Information shown -
*** Block opens ***
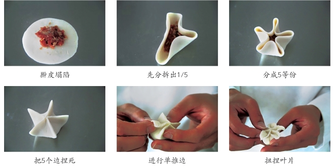 花式蒸饺一般都采用“捏”法成形。在面点成形方法中,捏制是比较复杂、花色最多的一种成形方法。通过对鸳鸯饺的学习,学会叠捏的成形技巧,掌握如何将皮子二等分的技能。
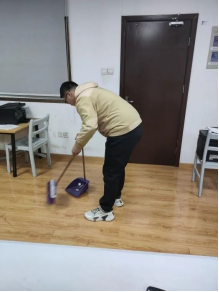 同学们高度重视积极参与,纷纷“脱下袄子、撸起袖子”,精神饱满、干劲十足地投身到大扫除中。扫地、拖地、整理、消毒,大家分工合作、相互配合,一丝不苟地清理卫生。宿舍、实验室到处都是同学们忙碌的身影。经过大家的共同努力,宿舍窗明几净,实验室一尘不染,公共区域更是焕然一新。
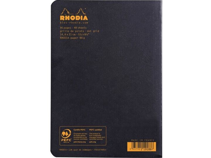 Rhodia Kladdehæfte A5 dotted papir - sort omslag - 80gram 48 sider (Rhodia nr. 119186C)
*** Block closes ***
Your objective -
Retype the data in full. Images do not go in the copy.

Reply to the exercise -
 花式蒸饺一般都采用“捏”法成形。在面点成形方法中,捏制是比较复杂、花色最多的一种成形方法。通过对鸳鸯饺的学习,学会叠捏的成形技巧,掌握如何将皮子二等分的技能。
 同学们高度重视积极参与,纷纷“脱下袄子、撸起袖子”,精神饱满、干劲十足地投身到大扫除中。扫地、拖地、整理、消毒,大家分工合作、相互配合,一丝不苟地清理卫生。宿舍、实验室到处都是同学们忙碌的身影。经过大家的共同努力,宿舍窗明几净,实验室一尘不染,公共区域更是焕然一新。
 Rhodia Kladdehæfte A5 dotted papir - sort omslag - 80gram 48 sider (Rhodia nr. 119186C)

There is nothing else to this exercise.